[Recorded information]
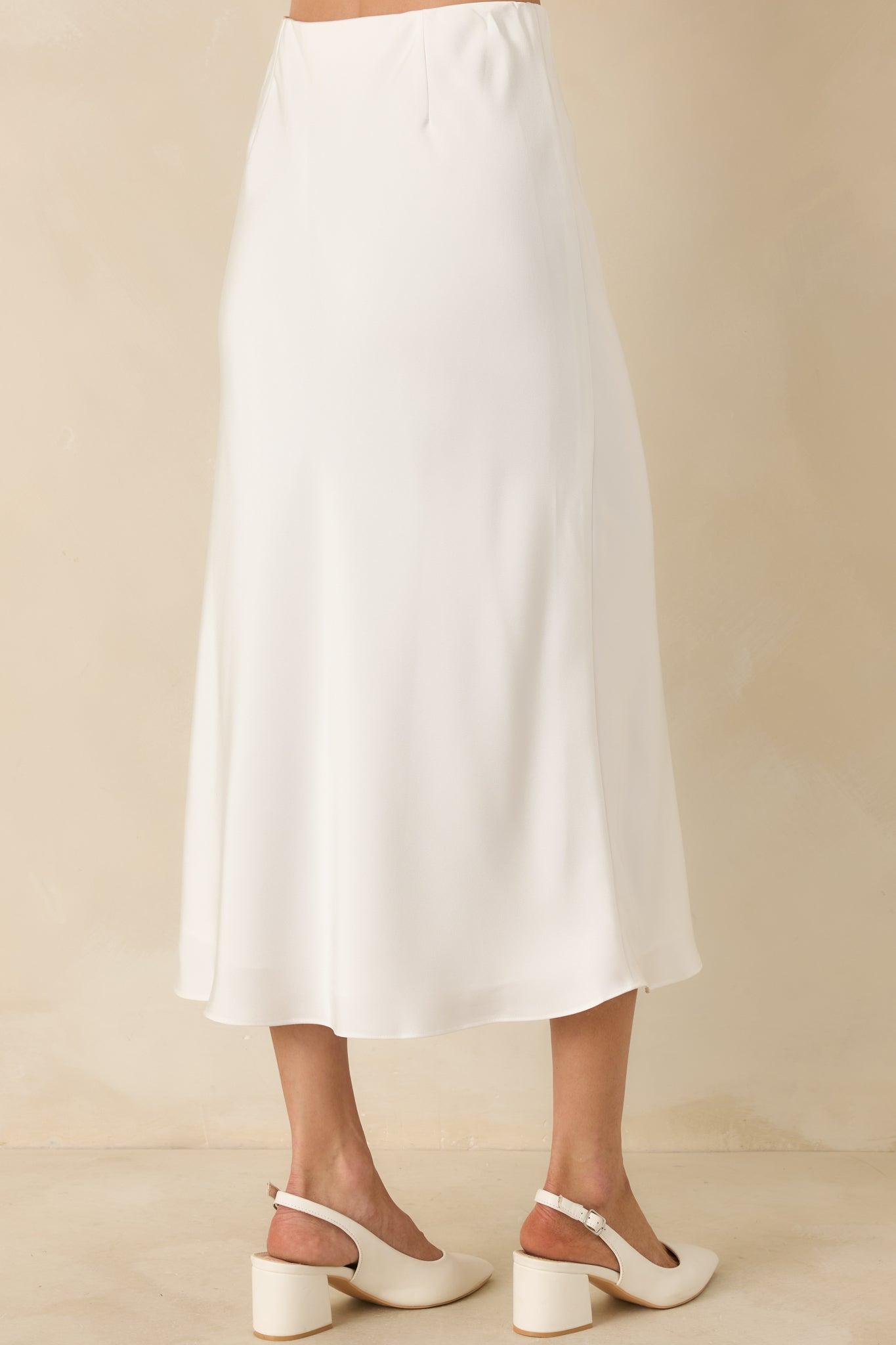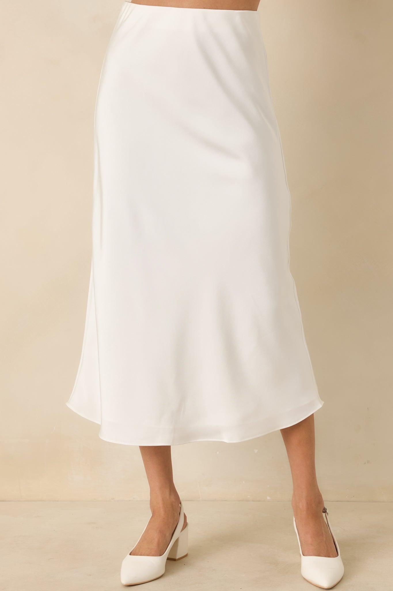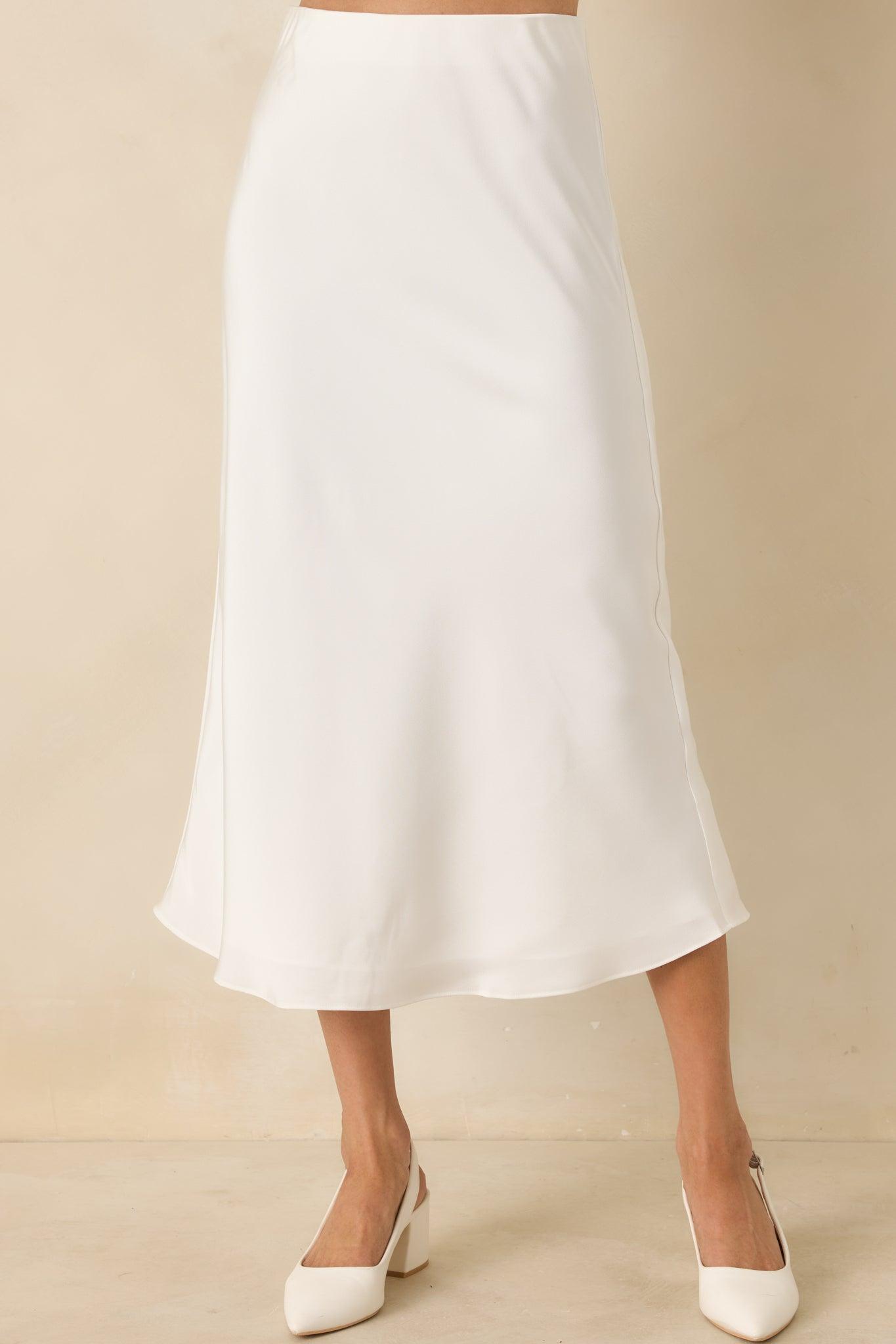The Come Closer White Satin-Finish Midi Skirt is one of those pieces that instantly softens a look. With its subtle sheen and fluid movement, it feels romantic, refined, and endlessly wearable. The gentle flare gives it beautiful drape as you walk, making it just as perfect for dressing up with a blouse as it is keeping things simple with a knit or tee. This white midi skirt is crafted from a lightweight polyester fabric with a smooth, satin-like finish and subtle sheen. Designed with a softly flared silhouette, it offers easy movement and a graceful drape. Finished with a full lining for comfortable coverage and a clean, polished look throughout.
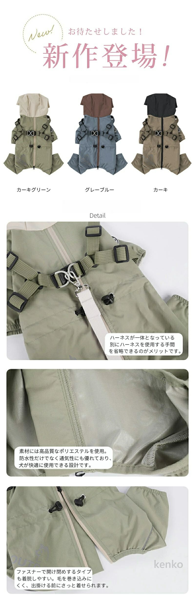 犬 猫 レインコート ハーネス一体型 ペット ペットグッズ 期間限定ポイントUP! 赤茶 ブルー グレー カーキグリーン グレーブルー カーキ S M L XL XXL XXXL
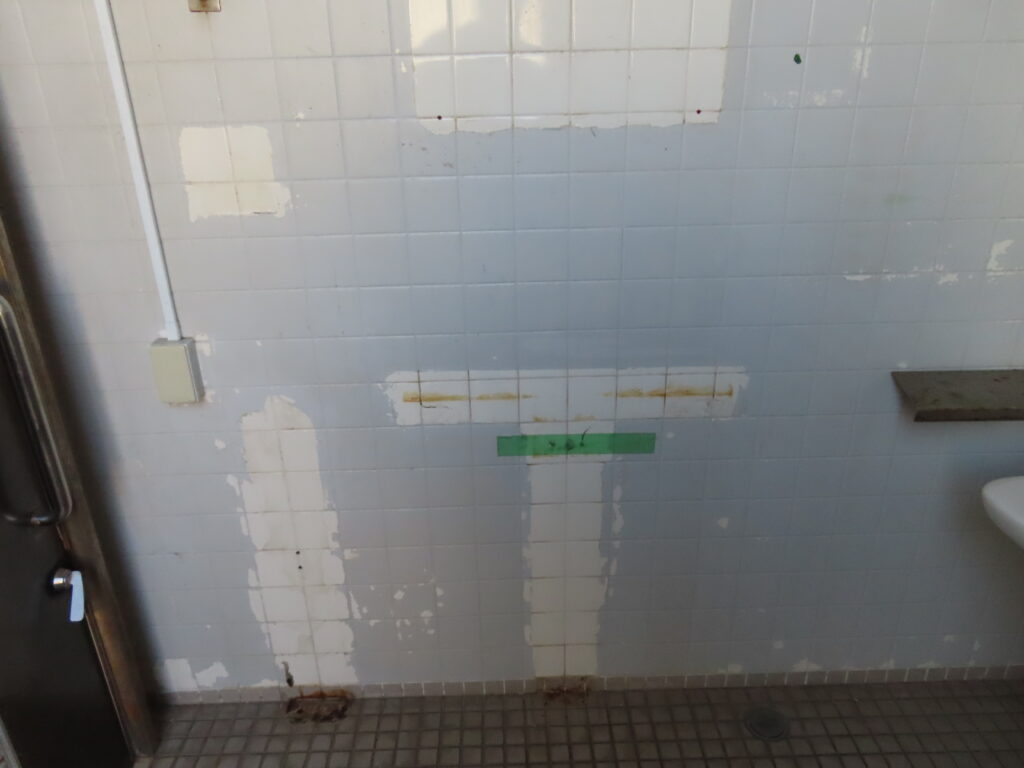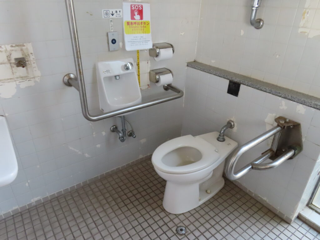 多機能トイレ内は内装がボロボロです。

[Work required]
Beginning with the line in which "犬 猫 レインコート ハーネス一体型" appears, repeat exactly each line down to the close of the material, leaving every picture out.

[Exercise answer]
 犬 猫 レインコート ハーネス一体型 ペット ペットグッズ 期間限定ポイントUP! 赤茶 ブルー グレー カーキグリーン グレーブルー カーキ S M L XL XXL XXXL
 多機能トイレ内は内装がボロボロです。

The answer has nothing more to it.